Так, за мужа и жену нас еще не принимали. Ну, значит взрослеем, уже выглядим не просто как влюбленная парочка, а как вполне солидная пара. Взрослеем, или стареем?... Интересный вопрос.

— Он мне не муж. — ответила Света, от чего мне стало просто по человечески обидно. Зачем было лезть? Или ее так пугает перспектива стать моей женой?

— Вы боитесь стать его женой? — прозорливо спросил дед. Еще этого не хватало — похоже, что все вокруг умеют читать мои мысли!

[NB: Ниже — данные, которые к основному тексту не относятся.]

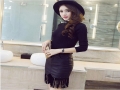 新款韓版高腰鉚釘流蘇PU皮短裙顯瘦包臀皮裙 /
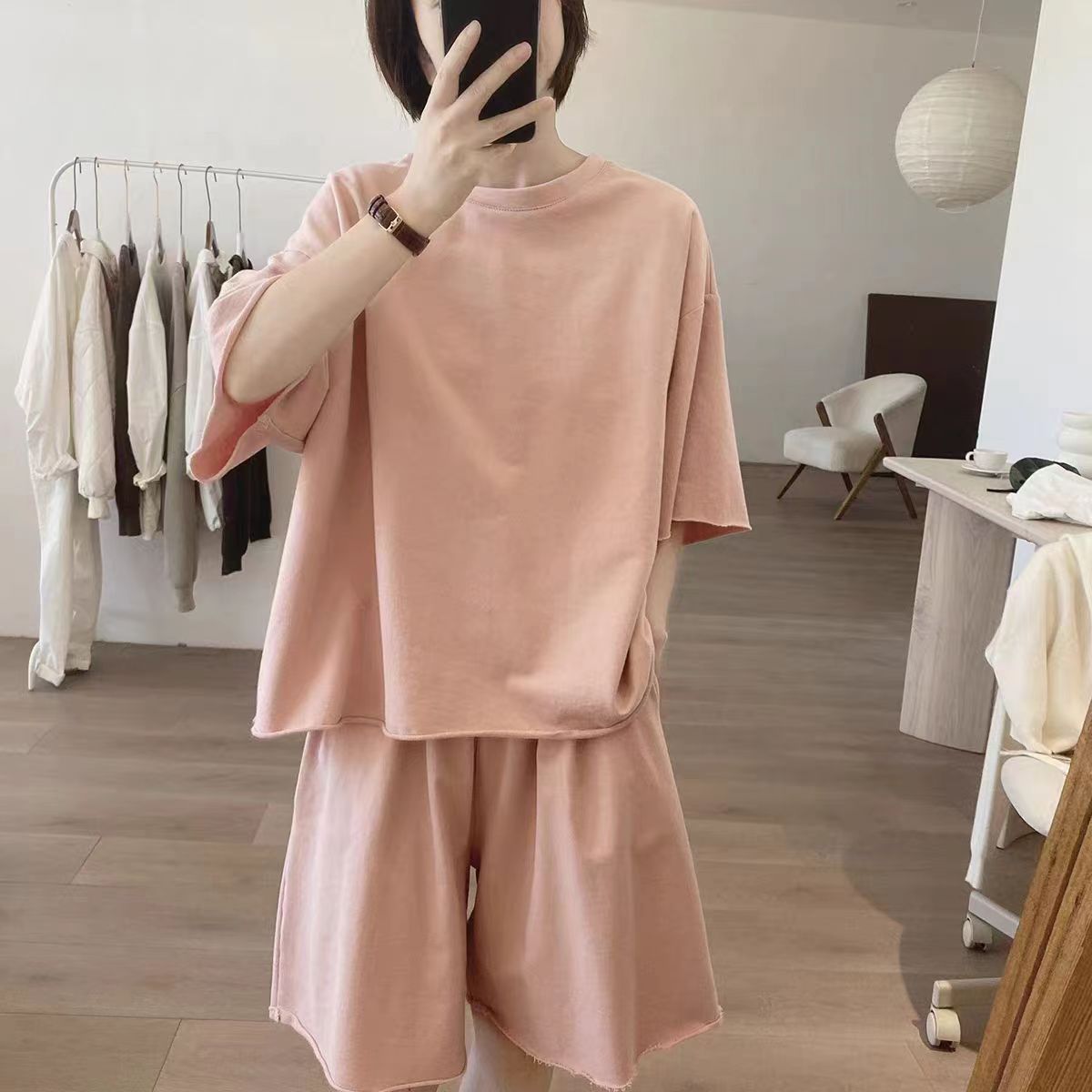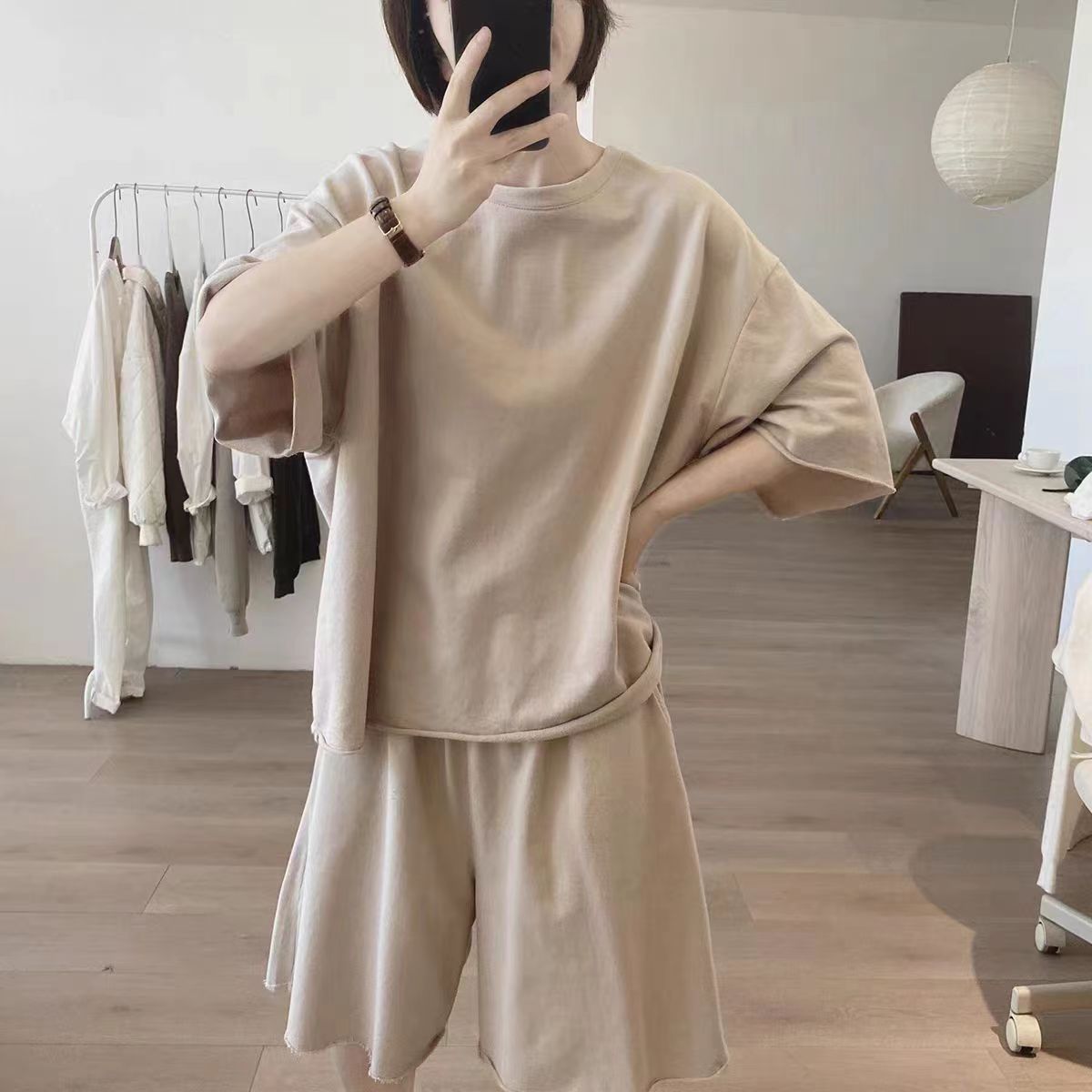 솔리드 컬러 와이드 레그 반바지 투피스 세트 여성 여름 새로운 느슨한 플러스 사이즈 슬리밍 간단한 라운드 넥 에이지 감소 티셔츠 세트스토어 가기
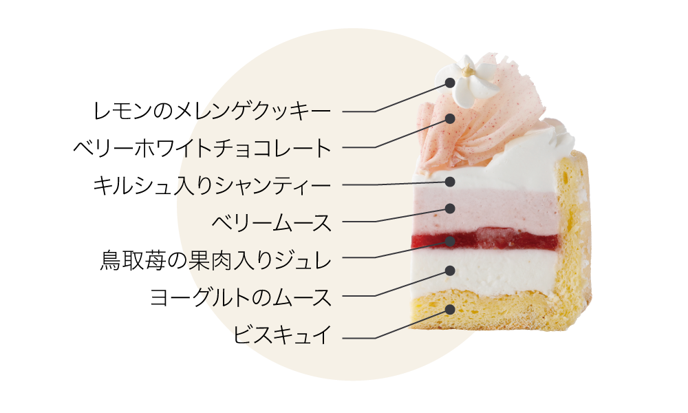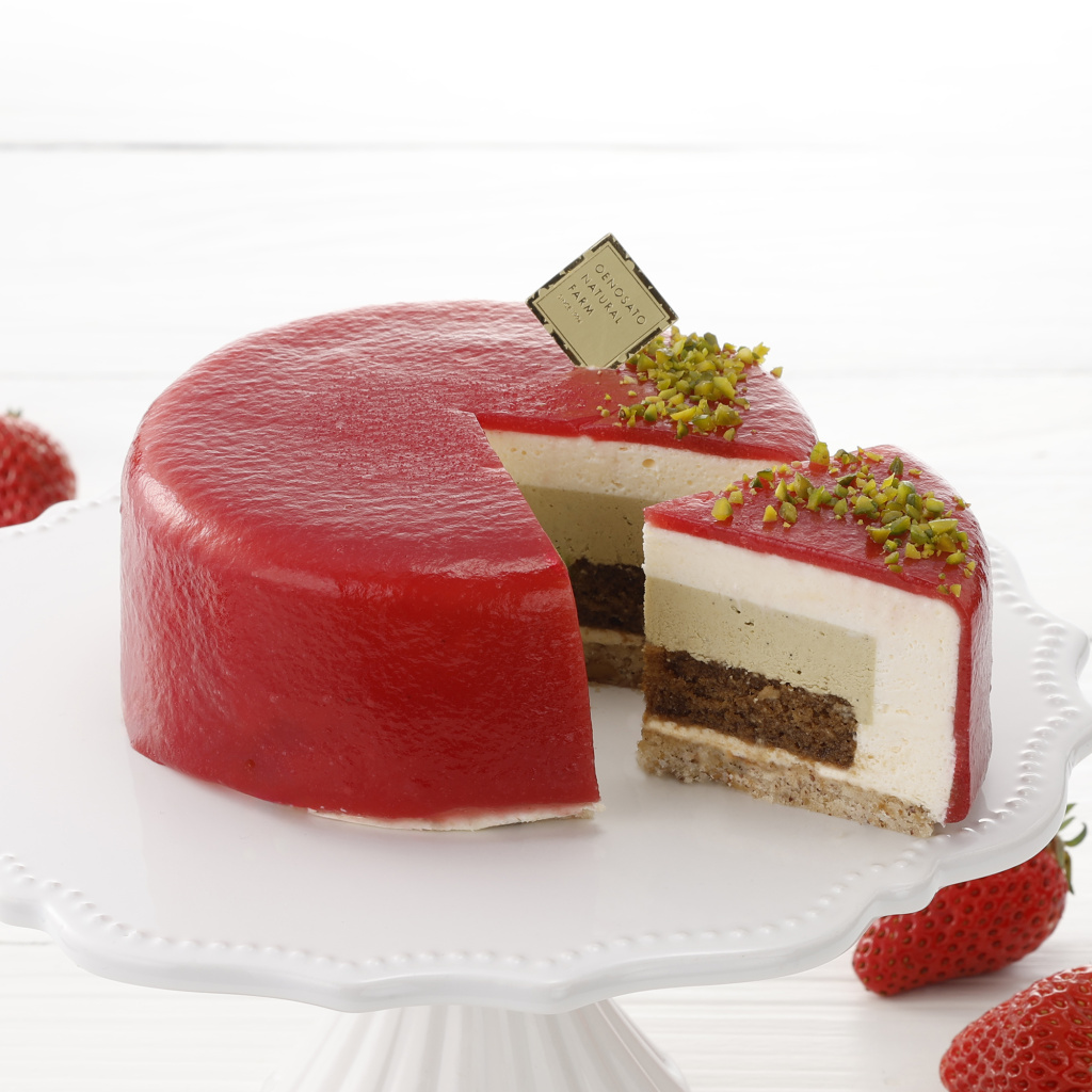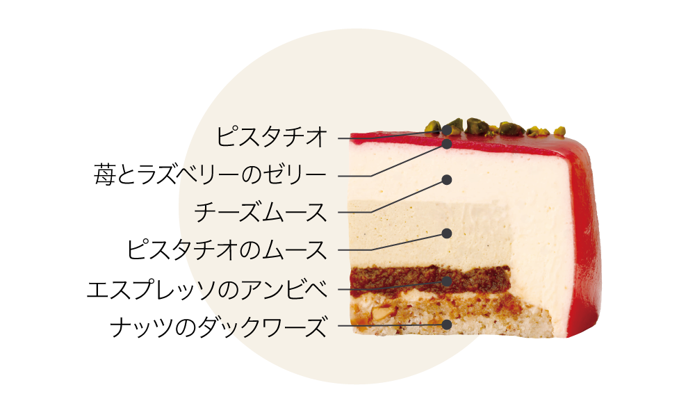 甘酸っぱいベリーのゼリーの下にピスタチオムースやほろ苦エスプレッソスポンジの層を重ねました。
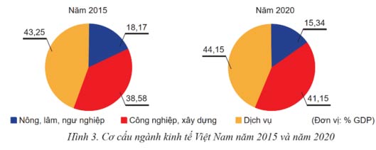C. So với năm 2015, tỉ trọng của tất cả các ngành kinh tế ở Việt Nam năm 2020 đều tăng.
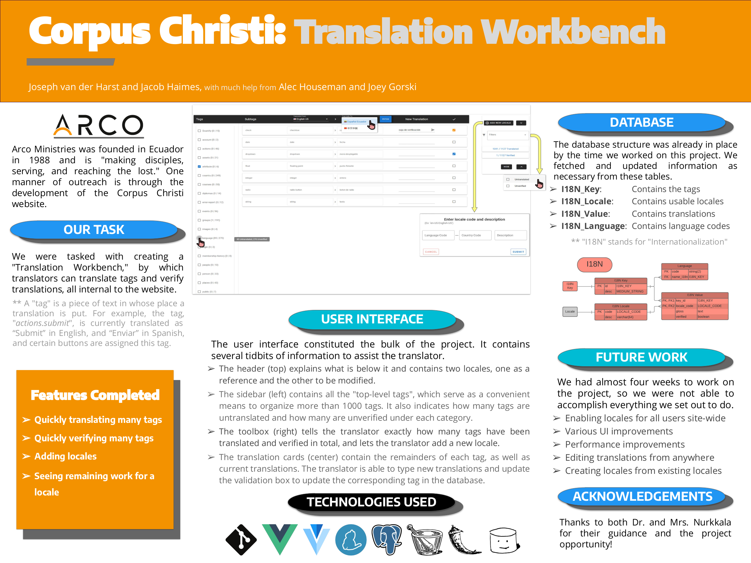 Yet another branch of the Corpus Christi application, this group worked on impementing a "Translation Workbench", which enables translators and native speakers of various languages to categorize and improve multilingual information relevant to churches' ministries across the globe.
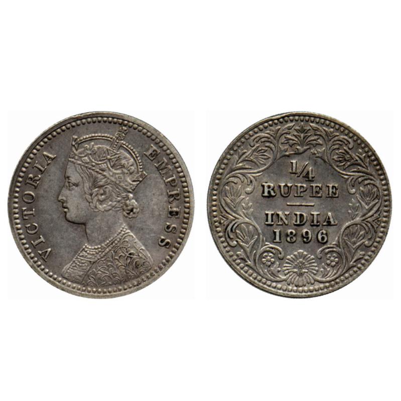 Victoria Empress, Silver ¼ Rupee, 1896, Calcutta Mint, C/II, C incused. GK 728.

— Какое ваше дело? Кирилл, пойдем отсюда. -уже ничуть не таясь потребовала она.

— Пусть женщина идет, а мужчины поговорят спокойно. — прокомментировал старик. По моему, зря он это сказал. Сейчас моя феминистка должна просто взвиться в небо от ярости.

Вопреки моим ожиданиям Света снесла укол по женскому самолюбию спокойно — видимо, этот человек все еще внушал ей опасения. Она просто умоляюще смотрела на меня. Все это уже начинало действовать мне на нервы.

— Что вы знаете об озере?! — почти закричал я, устав ждать объяснений. — Что в нем такого особенного?

— Оно живое! — коротко ответил старик.

Через пять минут мы с дедом, назвавшимся Анатолием Сергеевичем, сидели на лавочке в глубине темной аллеи. Света все же последовала его совету и отправилась в комнату, но только после того, как убедилась, что старик не представляет для меня опасности, а является, как и я, всего лишь безобидным сумасшедшим. Мне, конечно, не очень польстило, когда она ушла, назвав меня психом и идиотом, но сейчас я не обратил особого внимания и на это. Слова старика задели меня за живое. Я видел что-то странное и необычное, а к этому меня тянуло всегда. С детских лет я мечтал подружиться с инопланетянами, поймать за хвост привидение, или, на худой конец, просто увидеть какое-нибудь чудище. Правда, в виду проблем с сердцем желание видеть чудовищ как-то поугасло, но все же, жило где-то в моей душе, время от времени давая о себе знать. Например сейчас.

Объяснять Свете, что озеро смотрело на меня, было бы бесполезно. Она, словно незабвенная Скалли из "Секретных материалов". Никогда бы не поверила во что-то, что не укладывалось в привычные ей рамки. Наверное, поэтому она до сих пор училась в технарском ВУЗе, в то время, как я, давно разочаровавшийся в науке, бросил его к чертовой бабушке.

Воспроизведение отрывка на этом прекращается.